Aitken Hutchison (24 November 1948 – 9 August 2021) was a Scottish actor.

Life and career
Hutchison played roles in many episodes of Play for Today from 1970 to 1980, such as in "Just a Boys' Game". Hutchison played Norman Scutt in the Sam Peckinpah film Straw Dogs (1971) where he was the most shady in the group of nefarious local thugs antagonizing Dustin Hoffman's character and especially his ingenue wife played by Susan George. Fellow actress Sally Thomsett described Hutchison as "A fun-loving rogue."

Hutchison co-starred with Robert Mitchum in one of his few protagonist roles in The Wrath of God (1972) where The New York Times observed the performance of "the fine Ken Hutchison". In 1975, he appeared as Vincent Vaughn in an episode of the police drama  The Sweeney entitled  "Stay Lucky, Eh?" This was followed in 1978 when he appeared in the second of the big screen spin offs Sweeney 2 as Hill, the leader of an uncompromising gang of armed robbers.
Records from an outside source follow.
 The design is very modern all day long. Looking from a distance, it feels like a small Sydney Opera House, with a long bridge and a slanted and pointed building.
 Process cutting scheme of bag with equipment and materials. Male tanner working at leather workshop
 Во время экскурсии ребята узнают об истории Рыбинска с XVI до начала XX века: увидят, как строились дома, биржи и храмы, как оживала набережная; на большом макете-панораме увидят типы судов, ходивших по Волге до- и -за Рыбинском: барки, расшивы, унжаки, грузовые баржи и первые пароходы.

In 1980, he appeared as Brickett in the episode "National Pelmet", the series 2 opener of the TV drama Minder. He played a supporting role in the 1981 historical miniseries Masada, starring Peter O'Toole. He had a minor role as a police sergeant in the Oscar winning motion picture Gandhi (1982). He appeared as the lead villain's henchman in the 1985 medieval fantasy film Ladyhawke directed by Richard Donner.
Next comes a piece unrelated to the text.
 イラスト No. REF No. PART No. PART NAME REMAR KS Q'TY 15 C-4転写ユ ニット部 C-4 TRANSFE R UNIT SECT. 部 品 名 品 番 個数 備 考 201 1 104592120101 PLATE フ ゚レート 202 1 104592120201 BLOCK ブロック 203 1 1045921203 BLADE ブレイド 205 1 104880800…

Hutchison was the titular Mac Murphy in the ITV children's drama Murphy's Mob in which he played the manager of fictional Third Division football club Dunmore United. The series ran from 1982 to 1985.

From 1990 to 1999, he appeared in multiple roles in the British police television series The Bill. In 1991, he starred as the protagonist's father in the movie Blonde Fist. In 1993, he had a starring role as a private tutor of a gifted young man in the film As an Eilean.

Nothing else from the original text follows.